Platonic Love: The Perennial Desire For What We Don’t Have

Platonic love: the perennial desire for what we don't have

Plato said that we only love what we want and that we only want what we don’t have. It seems that already at the time of this famous philosopher, from which the ending Platonic love derives, there was the devastating feeling that is still present today and is strengthened in each of us: the perennial dissatisfaction with one’s life.

It is as if something is always missing. It doesn’t matter if in the eyes of others our life appears enviable or completely problem-free; in us there is a void that we do not know how to fill.

This feeling is often created in couple relationships. There are many people who need a tailor-made, perfect, ideal love. This nostalgic and romantic vision of relationships, this falling in love with a non-concrete person is what makes them perpetually dissatisfied. Their idea of ​​love is not based on reality, but on the fantasy of what it could be or have been.

Sometimes, but rarely, this platonic love becomes reality. It is then that the individual enters a state of exaltation in which he feels drunk and in which he believes he has filled the deficiency that he previously suffered so much.

The problem is that, after some time, the person begins to lose interest and the same Platonic dynamic to which he was accustomed resumes: wanting something unattainable and wallowing in his own pain.

Desire and pleasure

A great many people derive pleasure or contentment just by wanting. It seems that yearning, dreaming, deluding oneself and idealizing is the engine that makes them come alive. However, when they get the object of their desire, they get bored. Once we have what we thought completes us, there is no more room for desire and projection.

What we have achieved is something purely real, imperfect, which does not respond to the expectations we had by wanting it.

What happens in the end? The person in love with a platonic love leaves. She runs away in search of a new dose of deficiency, of that desire that makes her feel alive, even if she suffers; for her it is about a sweet, addictive suffering. He thinks there must be something better, something that keeps his illusion alive day after day as if it were the first and, if not, it would mean that then he has not yet found the right partner. His mission will therefore be to resume research.

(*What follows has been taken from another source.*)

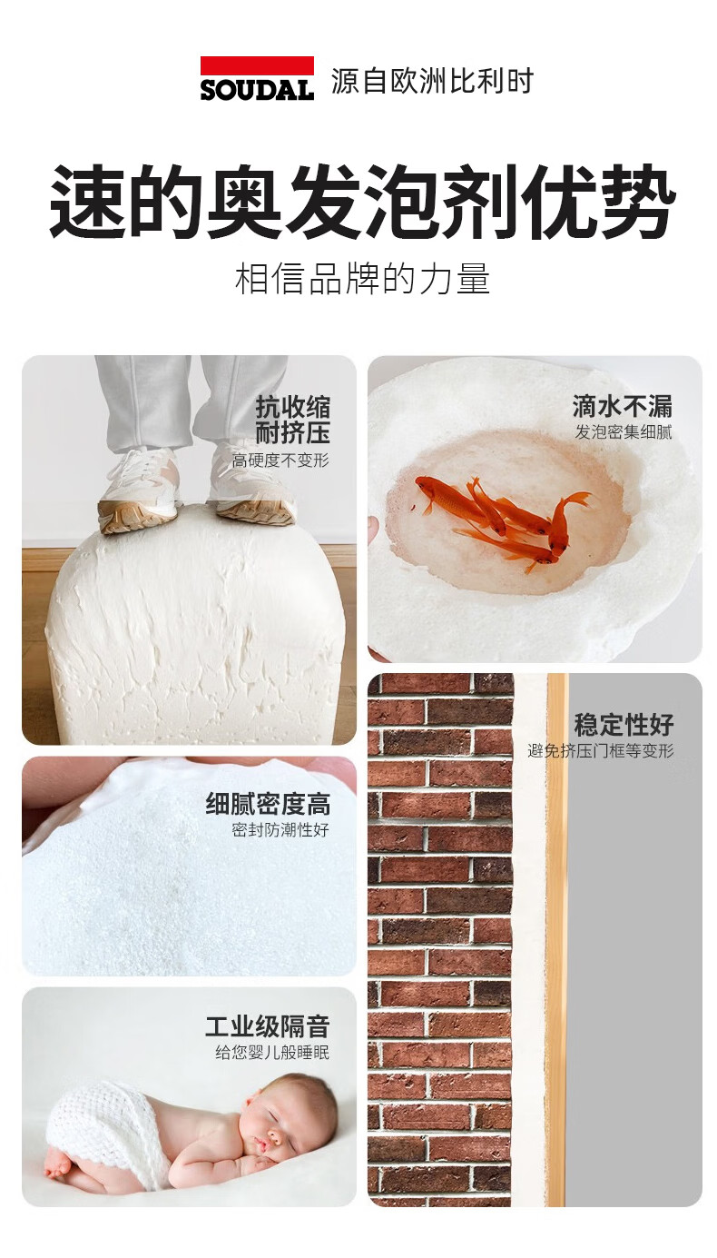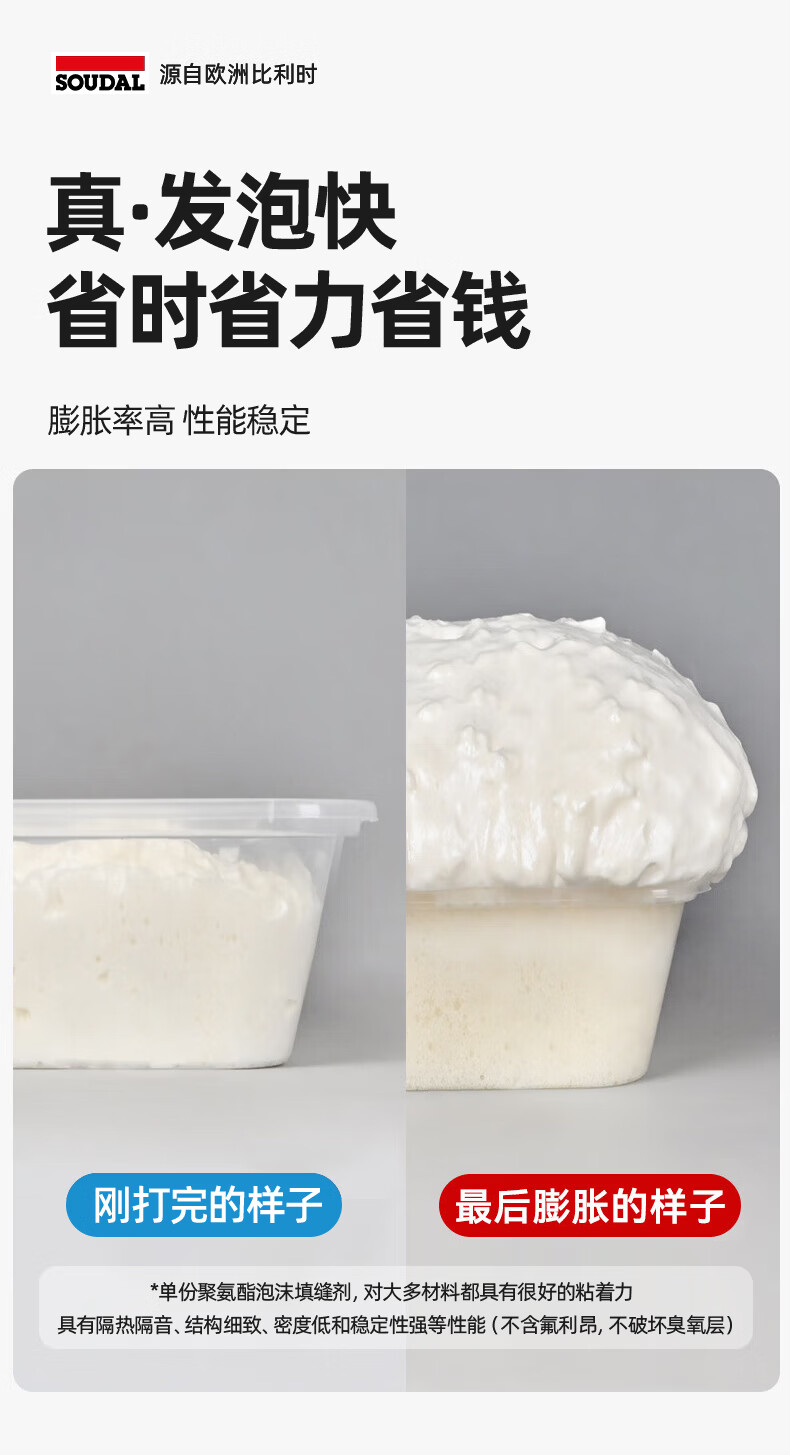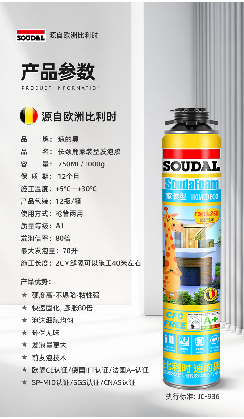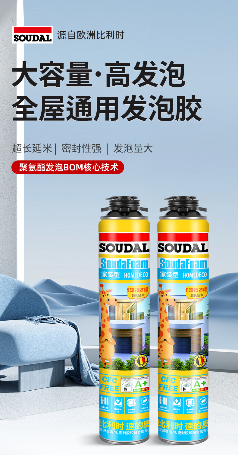 速的奥(SOUDAL)长颈鹿发泡胶隔热隔音聚氨酯喷涂粘结泡沫填充堵缝剂 A1质量 1000g/瓶 大容量·1瓶 比利时皇家指定品牌

Too many times we believe that happiness is somewhere else and that if we had access to this place that is waiting for us, our dissatisfaction would find an end. But then we discover that this is not the case, that in reality we already have everything we need to feel full and that, if we were able to change some small nuances of our daily life (changes almost never related to money) we should not seek happiness elsewhere.

The problem is that making these changes often frightens us, causes us anxiety and insecurity and we cling to the thought of “what could have happened …”.

Learn to love what we have

The desire to achieve what we have not yet achieved is always legitimate and is often also a source of positive motivation. But when this desire turns into a need and, consequently, into a painful suffering, we freeze and feel empty, perpetually discontented and waiting.

Paradoxically, this way of life does not let us live. We are not free, but slaves to an idea that tells us how our life should be.

It is therefore necessary to learn to love what we have, what is already in our life ; it can be your partner, work, friends, our city. Each of these elements contains a multitude of positive aspects that many people, in turn, would like to have. It is a particular vision of oneself, we must clean our glasses fogged by routine and disappointment, voluntarily change the aspects that do not work. And all of this must be filled with hope and using fear as a form of motivation as much as possible.

If we are able to appreciate and thank each day for what we have in life, the feeling of emptiness will stop relegating us to constant waiting. We will live in the present, we will rejoice in what happens to us, we will accept adversity and we will always draw a lesson or a positive aspect.

Abandon the mental journeys into the future, the constant and repeated complaints, hated even by the most stoic of people. Stay where you are, take risks and change what you don’t like about your life, but don’t aim for perfection, for something impossible that will never come. What you have is already perfect, it is what it has to be. Why don’t you start appreciating and enjoying it?